§ How to complete this task: With the pictures excluded, reproduce all of the data exactly.

# # # # #

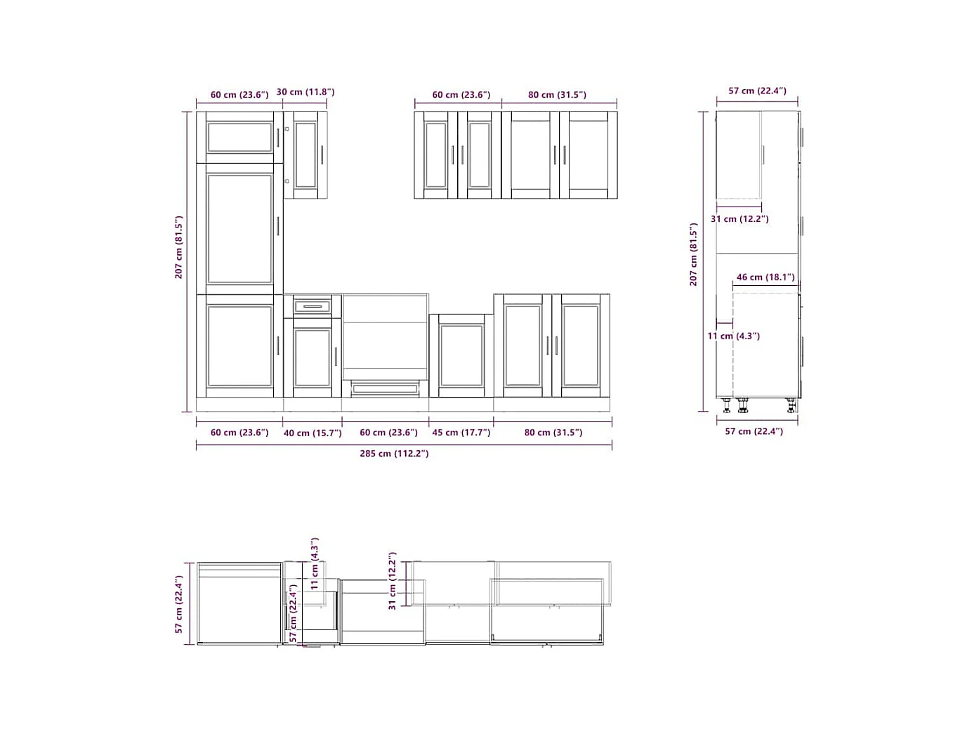 11 peças armário de cozinha conjunto Kalmar brilho branco
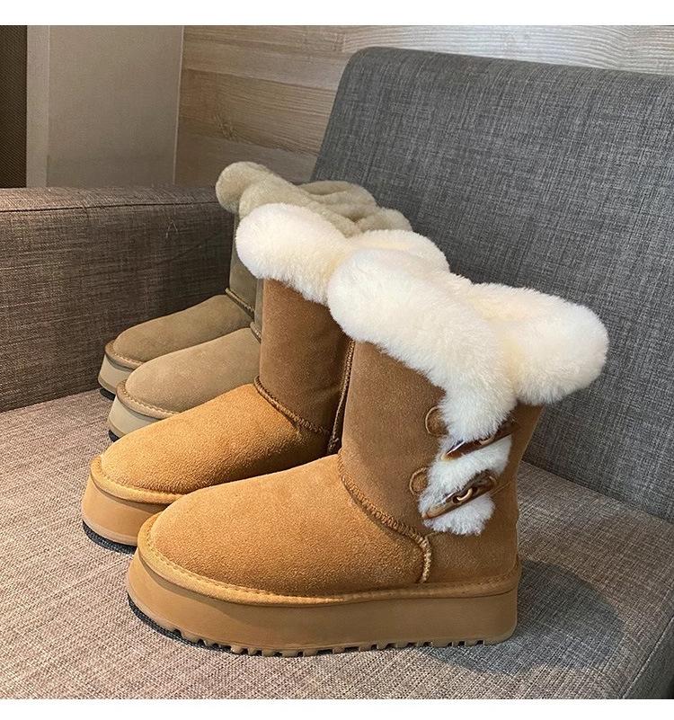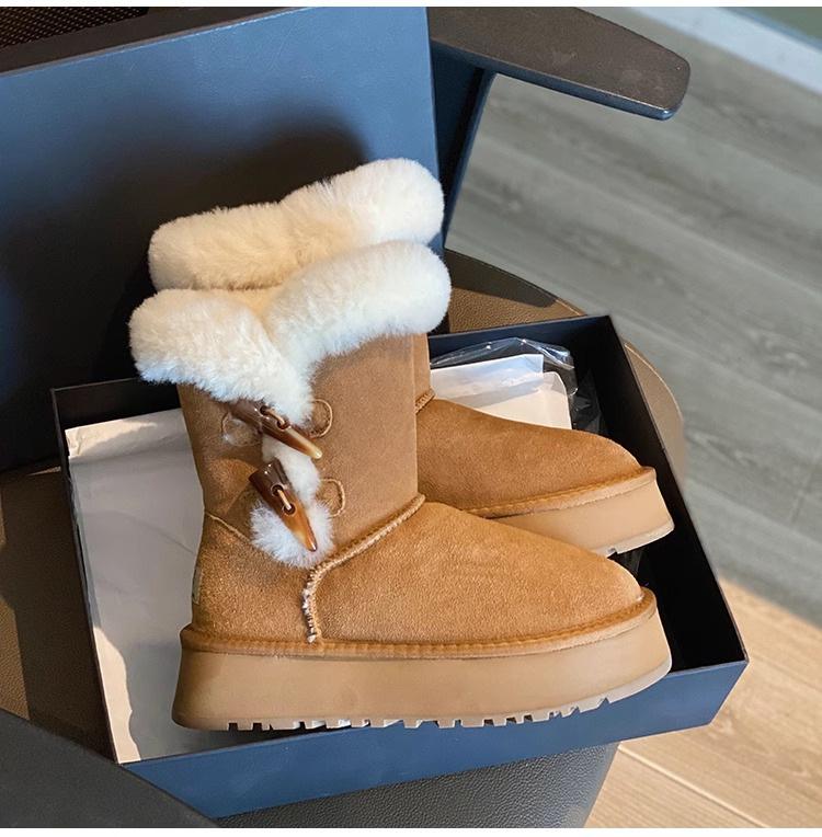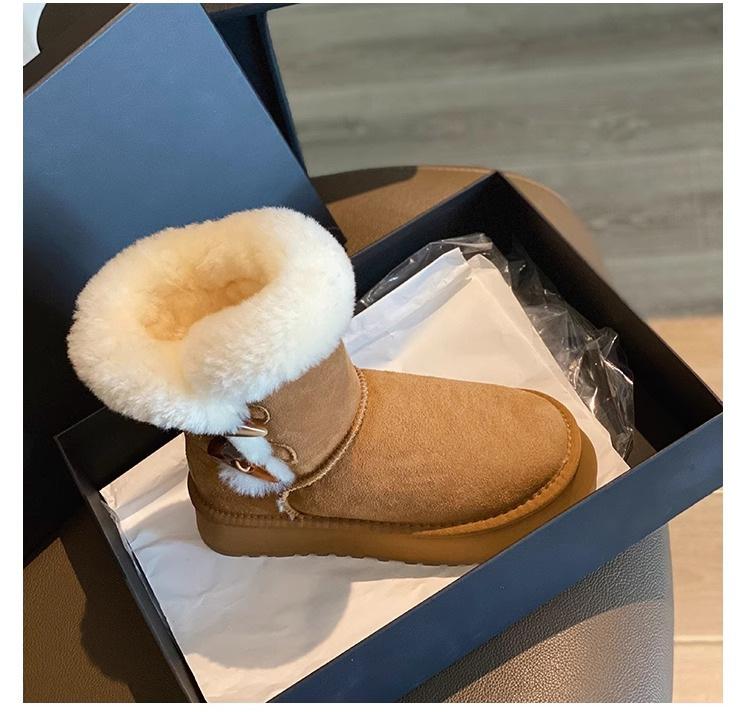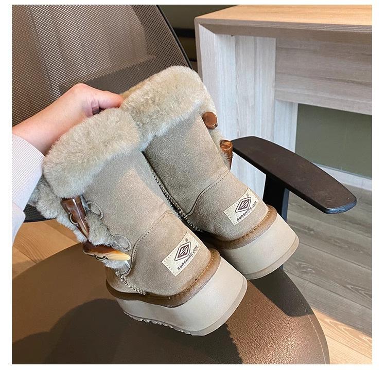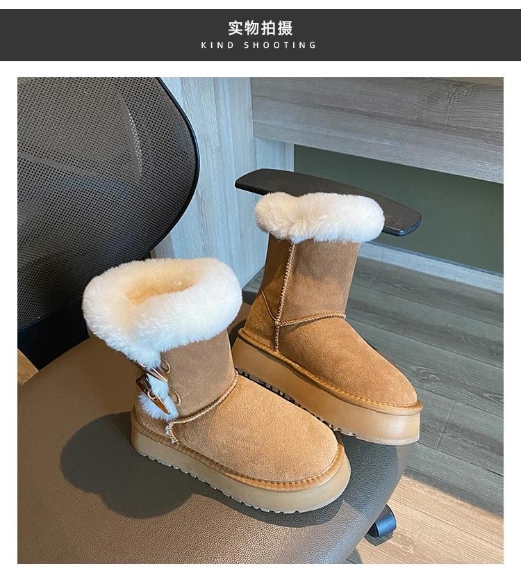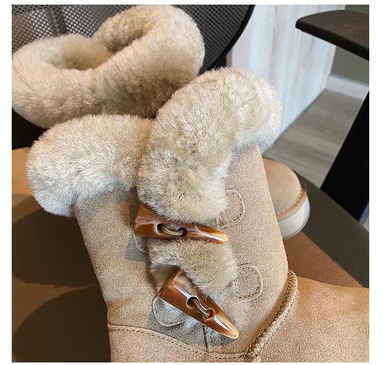Botas de nieve con hebilla para mujer 2025 invierno nuevas botas de algodón de media pantorrilla más terciopelo más gruesas y cálidas zapatos de algodón del noreste
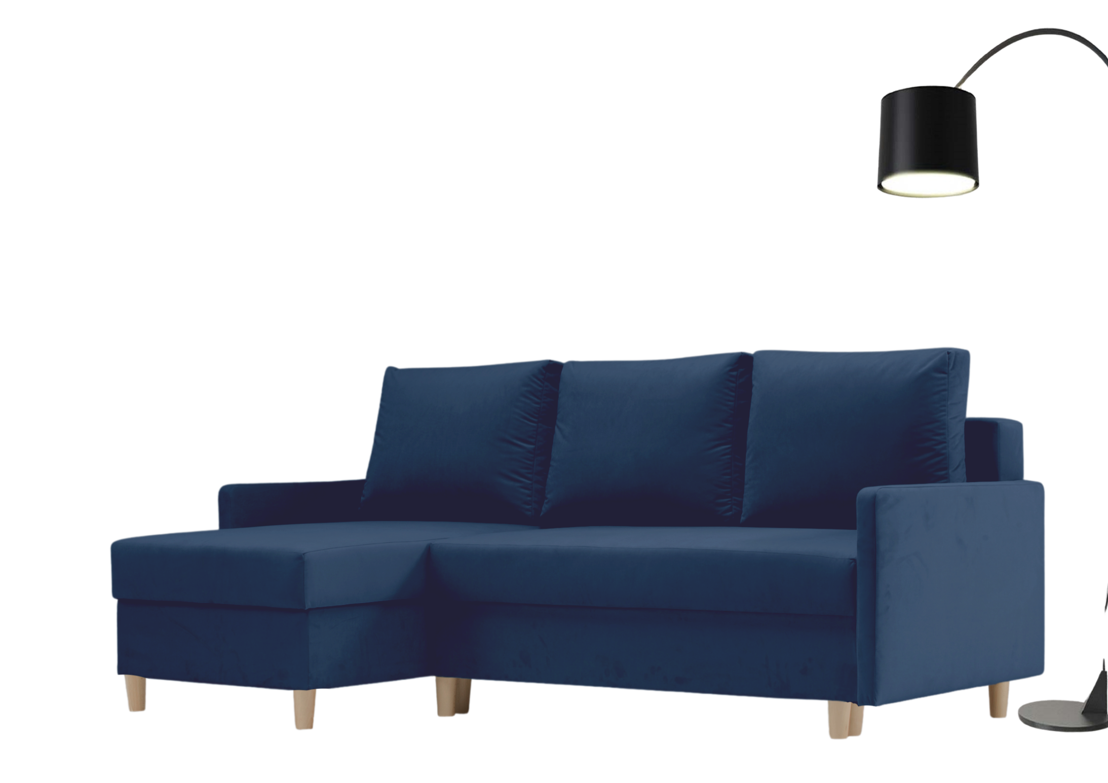 ⭐️Narożnik AROSA Granatowy Rozkładany Funkcja Spania Schowek Salon Skandynawski
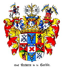 | Coat of arms of Brevern de la Gardie family. | Baltisches Wappenbuch. Wappen sämmtlicher, den Ritterschaften von Livland, Estland, Kurland und Oesel zugehöriger Adelsgeschlechter | Carl Arvid von Klingspor | Datei:GrafBrevernDeLaGardieWappen.jpg | |
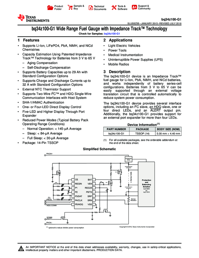 Fuel Gauge Li-Ion/Li-Polymer/LiFePO4/NiCd/NiMH 14-Pin TSSOP T/R
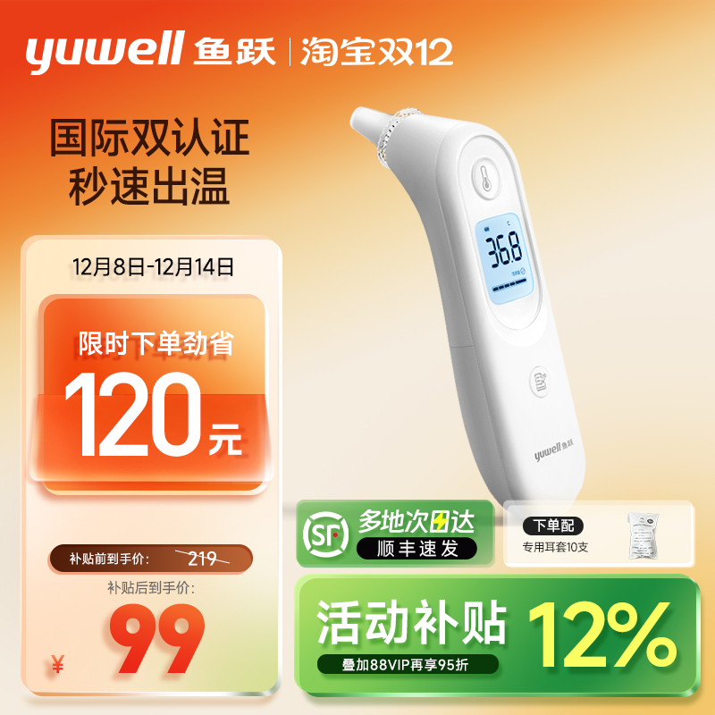 鱼跃耳温枪电子体温计无水银医用家用高精准老人婴儿童专用YHT101

# # # # #

§ Exercise result:
 11 peças armário de cozinha conjunto Kalmar brilho branco
Botas de nieve con hebilla para mujer 2025 invierno nuevas botas de algodón de media pantorrilla más terciopelo más gruesas y cálidas zapatos de algodón del noreste
 ⭐️Narożnik AROSA Granatowy Rozkładany Funkcja Spania Schowek Salon Skandynawski
 | Coat of arms of Brevern de la Gardie family. | Baltisches Wappenbuch. Wappen sämmtlicher, den Ritterschaften von Livland, Estland, Kurland und Oesel zugehöriger Adelsgeschlechter | Carl Arvid von Klingspor | Datei:GrafBrevernDeLaGardieWappen.jpg | |
 Fuel Gauge Li-Ion/Li-Polymer/LiFePO4/NiCd/NiMH 14-Pin TSSOP T/R
 鱼跃耳温枪电子体温计无水银医用家用高精准老人婴儿童专用YHT101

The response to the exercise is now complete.